Required Study 1 Analyses

In your four analyses (chosen from a set of six possibilities), you will be doing:

Ingest, Merge, Clean the Data Provided

First, you will ingest the data that Dr. Love will provide to you, merging the 2019 and 2020 data so that you wind up with a clean analytic data set including both years worth of data.

All data merging and cleaning must be included in your R Markdown report, starting from the raw data files Dr. Love provides to you, so that we can replicate your work.
- Remember that some more information on merging is available here.
- Remember also to check closely for missing data.
You can use the data as they were collected (quantitative, binary or multi-categorical), but you can also create categorical variables from the quantitative variables provided, should that be of interest in one or more of your analyses.
- Should you decide a categorical variable from a quantitative one, be sure to describe that process carefully, and demonstrate that each level of your created categorical variable contains at least 10 observations.
- For variables that are already categorical, we prefer that each level have at least 10 observations, but it will be OK if you have at least 5 responses at each level, and cannot collapse further easily.

Analyses You’ll Do

Second, you will complete any four of the following six Survey Analyses, and present these results.

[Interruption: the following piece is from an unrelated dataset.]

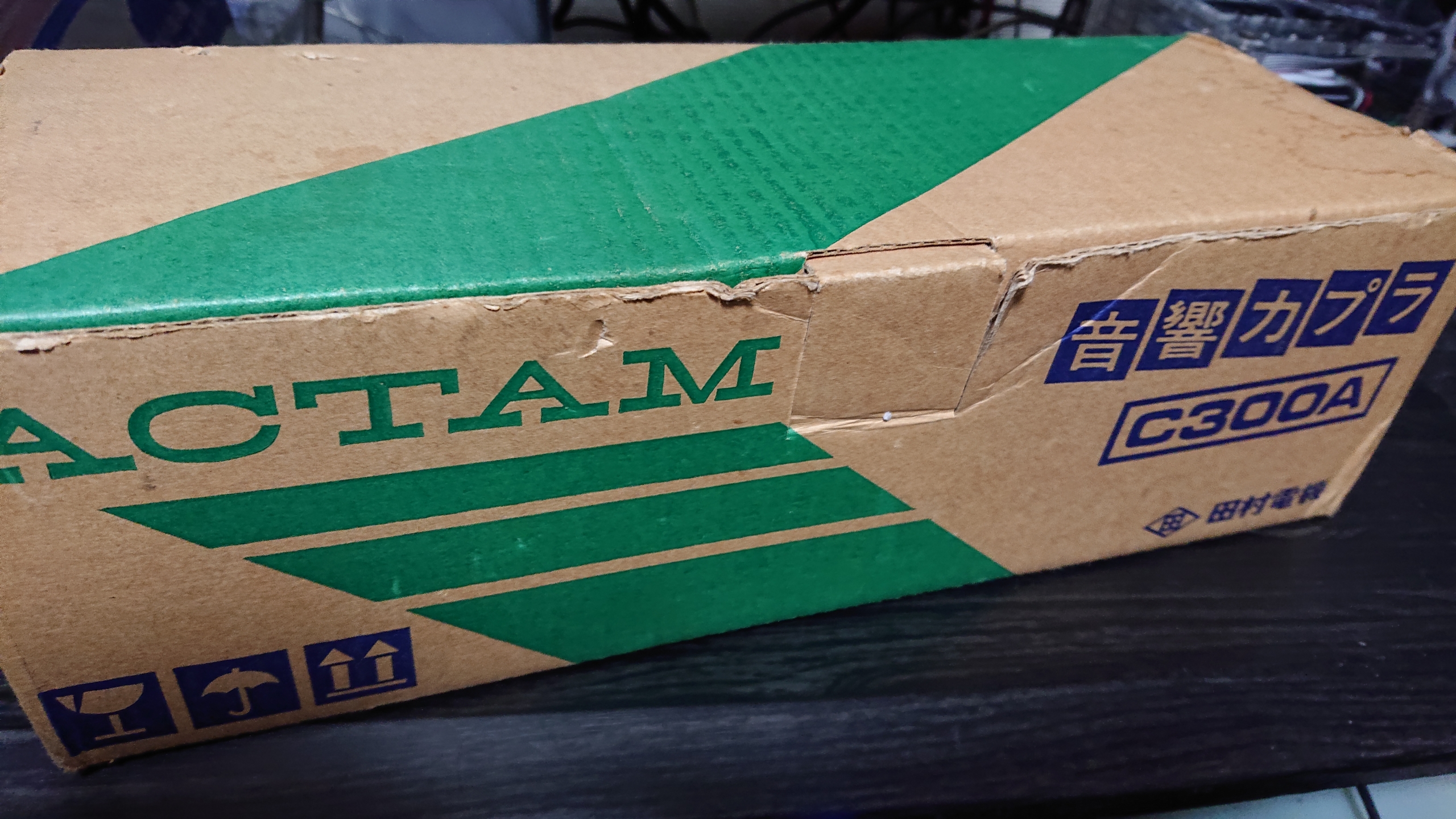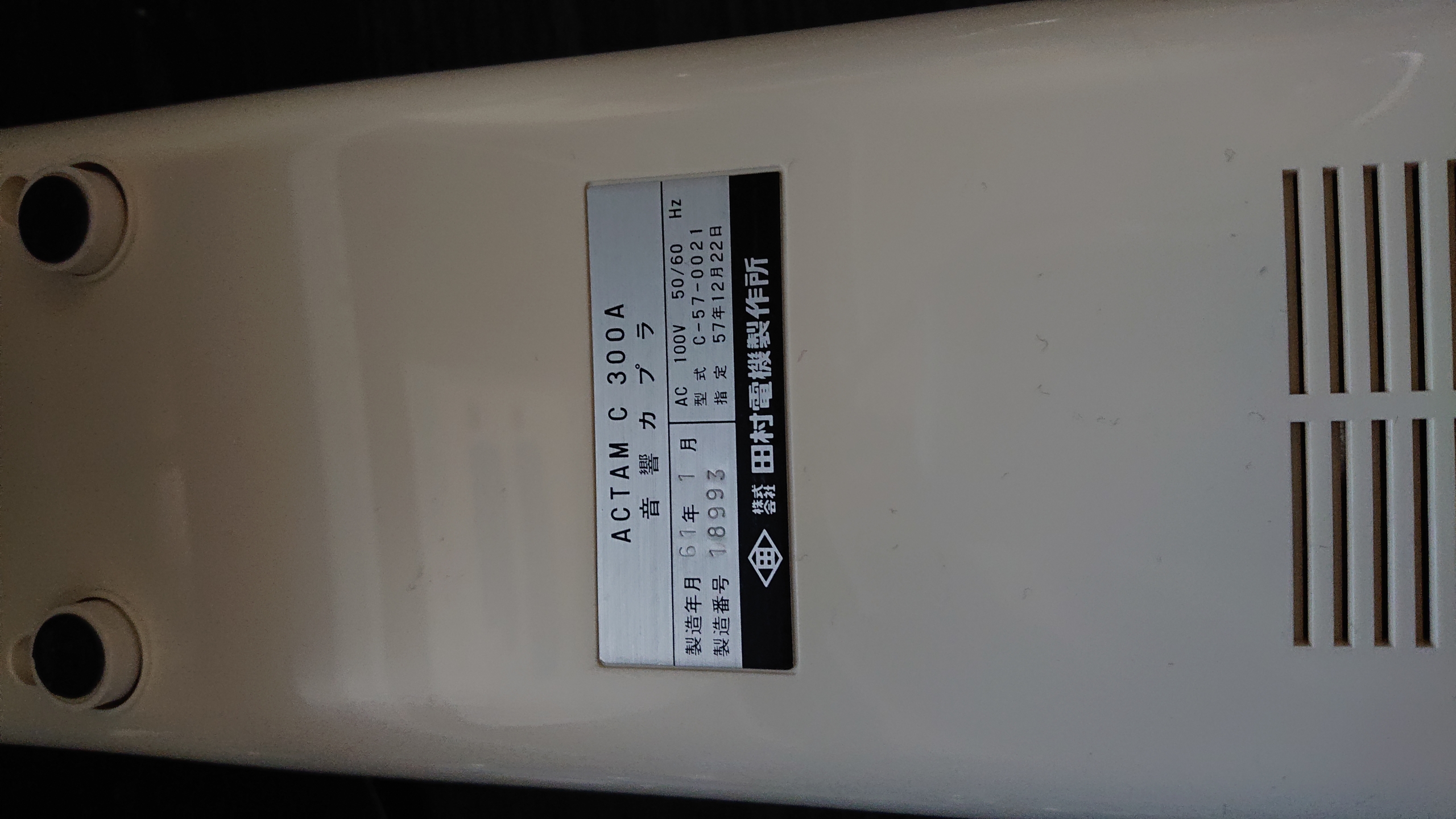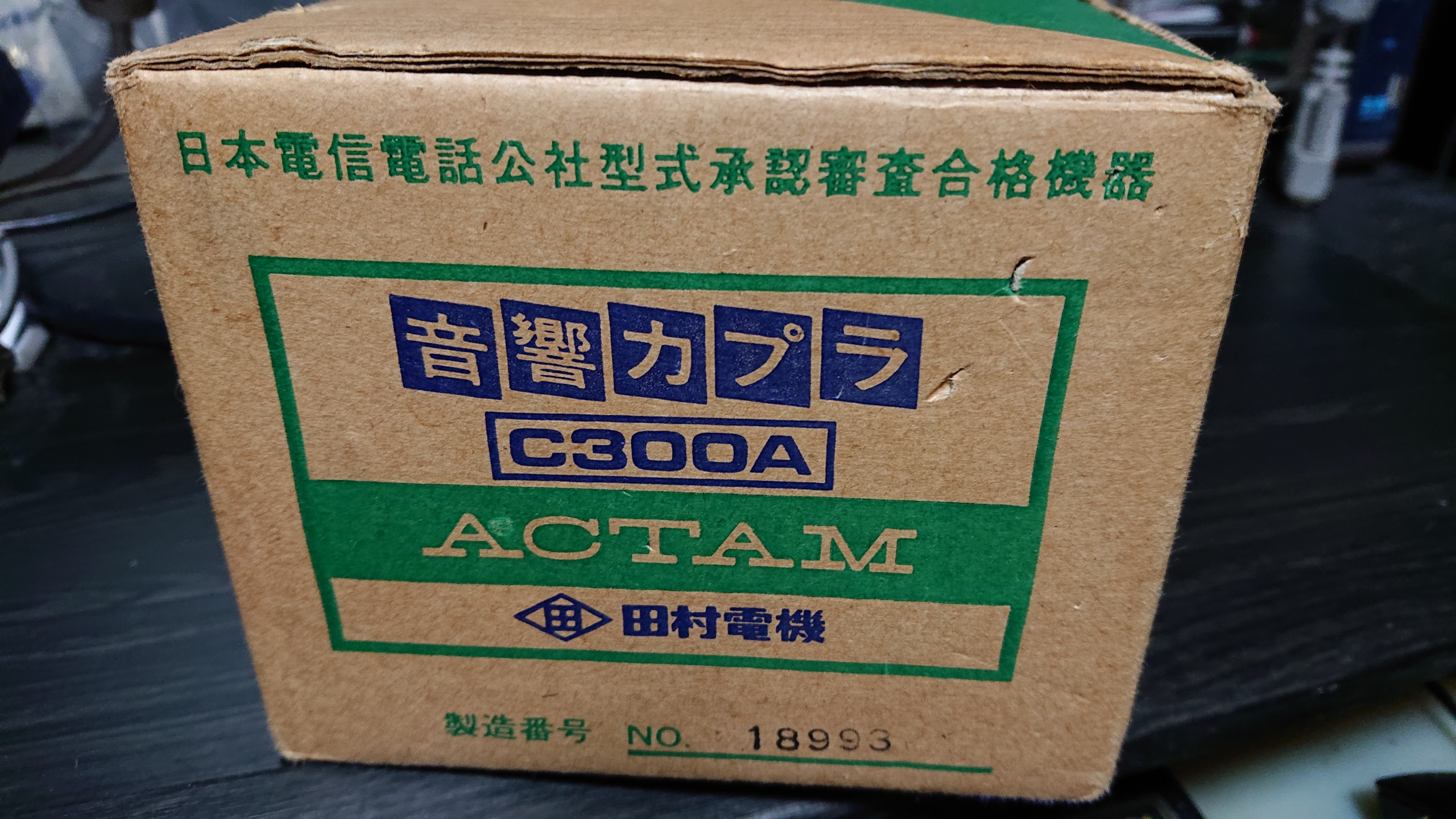 発信側は、音響カプラ ACTAM C300A 株式会社田村電機製作所 1986年製です。1秒あたり 300bit の通信速度でデータ通信が行えます。

For each of these analyses, you will provide complete code (including whatever you did to clean the raw data for the variables you are studying), appropriate visualizations and detailed explanations of your analytic decisions, and conclusions. Use a 90% confidence level for all Study 1 work, please.

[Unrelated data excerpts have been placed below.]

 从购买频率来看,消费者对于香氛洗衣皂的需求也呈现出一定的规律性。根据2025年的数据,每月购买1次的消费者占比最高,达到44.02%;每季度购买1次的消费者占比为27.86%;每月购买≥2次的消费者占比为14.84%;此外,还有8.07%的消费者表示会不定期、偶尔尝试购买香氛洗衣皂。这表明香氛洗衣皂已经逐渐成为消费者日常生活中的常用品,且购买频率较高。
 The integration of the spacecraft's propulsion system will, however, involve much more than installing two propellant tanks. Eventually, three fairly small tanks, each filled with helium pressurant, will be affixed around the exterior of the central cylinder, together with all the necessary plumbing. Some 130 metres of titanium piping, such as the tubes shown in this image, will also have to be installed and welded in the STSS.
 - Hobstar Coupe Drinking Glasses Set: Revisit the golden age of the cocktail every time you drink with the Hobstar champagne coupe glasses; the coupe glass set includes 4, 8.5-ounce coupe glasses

Each analysis should be self-contained (so that I don’t have to read Analysis A first to understand Analysis C, for example). Present each new analysis as a subsection with an appropriate heading in the table of contents, following the specifications for the Study 1 Report.

Analysis A. Compare two means/medians using paired samples

Here, you will need to identify two quantitative variables (outcomes) which can be paired (so that they have a natural link between them, and use the same units of measurement.) You’ll analyze the results and build a confidence interval for the population mean (or median) difference with an appropriate t-based, bootstrap or Wilcoxon signed rank procedure.

Analysis B. Compare two means/medians using independent samples

Here, you will need to identify one quantitative (outcome) and one categorical variable (binary - 2 levels.) You’ll analyze the results and build a confidence interval for the difference in means (or medians) with an appropriate t-based, bootstrap or Wilcoxon rank sum procedure. Note that it’s generally easier to find independent samples comparisons than paired samples comparisons in this survey.

Analysis C. Compare 3-6 means/medians using independent samples

Here, you will need to identify one quantitative (outcome) and one categorical variable (multi-categorical with 3-6 levels, each of which needs to be selected by a minimum of 10 subjects in the survey.) Here, you should be thinking about an analysis of variance with pre-planned Tukey HSD pairwise comparisons, although you are welcome to consider other approaches if the data suggest them.

Analysis D. Create and analyze a \(2 \times 2\) table

Here, you will need to identify two categorical (binary) variables. Each cell of the resulting 2x2 table should contain a minimum of 10 subjects from the survey. You should be focused on the relative risk, odds ratio and risk difference comparisons.

Analysis E. Create and analyze a \(J \times K\) table, where \(2 \leq J \leq 5\) and \(3 \leq K \leq 5\)

Here, you will need to identify two categorical variables, at least one of which should contain 3-5 levels, while the other contains 2-5. At least 10 subjects must appear in each level of each variable, and in the cross-tabulation of the two variables, you’ll want to pick something that meets the Cochran conditions (so no cells with zero counts, and at least 80% of the cells have counts of 5 or more.) Here, you should be providing the results of an appropriate chi-square test, accompanied by a useful visualization and description of the nature of the observed association. Although you are welcome to collapse the table down a bit, you must still have 2-5 rows and 3-5 columns included in your final analysis.

Analysis F. Create and analyze a \(2 \times 2 \times M\) table, where \(2 \leq M \leq 5\).

Here, you will need to identify two binary categorical variables and an additional stratifying multi-categorical variable with 2-5 levels. You’ll want to ensure that each count in the 2x2xM table is greater than zero, and that as many as possible of them are greater than 5. If this cannot be done with the variables you select initially, change variables. Here, you’ll need to develop the table properly to allow you to conduct a Woolf test and estimate and interpret an odds ratio with Cochran-Mantel-Haenszel, regardless of the results of the Woolf test (but applying appropriate caveats should the assumptions of the CMH test be violated.)

This page was last updated: 2020-12-06 13:42:23.